● Collected data:
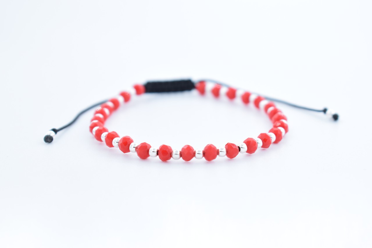 Bratara reglabila cu bile Argint 925 si pietre semipretioase Cristal sticla, dimensiune 4mm
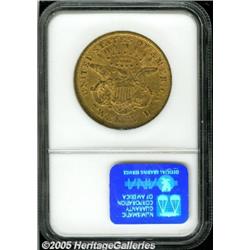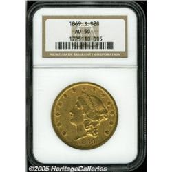 <B>1869-S $20 AU50 NGC.</B></I> A scarcer Type Two double eagle. Flatly struck on the stars, as usual, there is good luster remaining, and a few moderate abrasions contribute to the scuffy overall appearance of the piece.
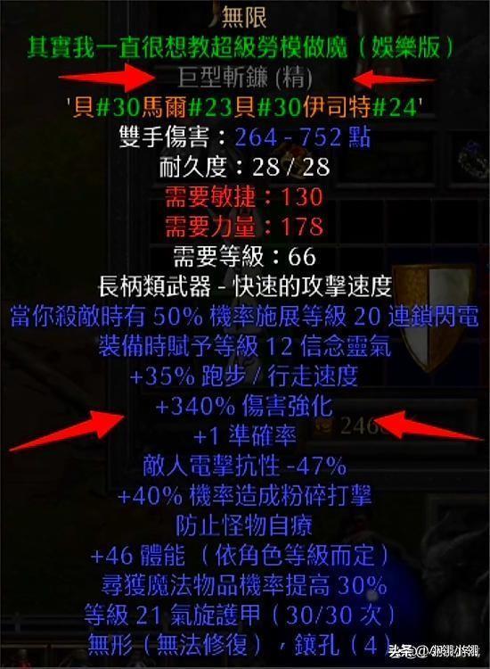 无限——暗黑2中使用率最高的武器之一(或许没有之一),虽然算不上玩家们的神器,但绝对是米山的挚爱武器。原版中也常常被电法所使用,而2.4补丁后,电矛马的出现,更加提升了无限的地位。

● How to complete this task:
Please print the entire listing again exactly, minus its images.

● Exercise solution:
 Bratara reglabila cu bile Argint 925 si pietre semipretioase Cristal sticla, dimensiune 4mm
 <B>1869-S $20 AU50 NGC.</B></I> A scarcer Type Two double eagle. Flatly struck on the stars, as usual, there is good luster remaining, and a few moderate abrasions contribute to the scuffy overall appearance of the piece.
 无限——暗黑2中使用率最高的武器之一(或许没有之一),虽然算不上玩家们的神器,但绝对是米山的挚爱武器。原版中也常常被电法所使用,而2.4补丁后,电矛马的出现,更加提升了无限的地位。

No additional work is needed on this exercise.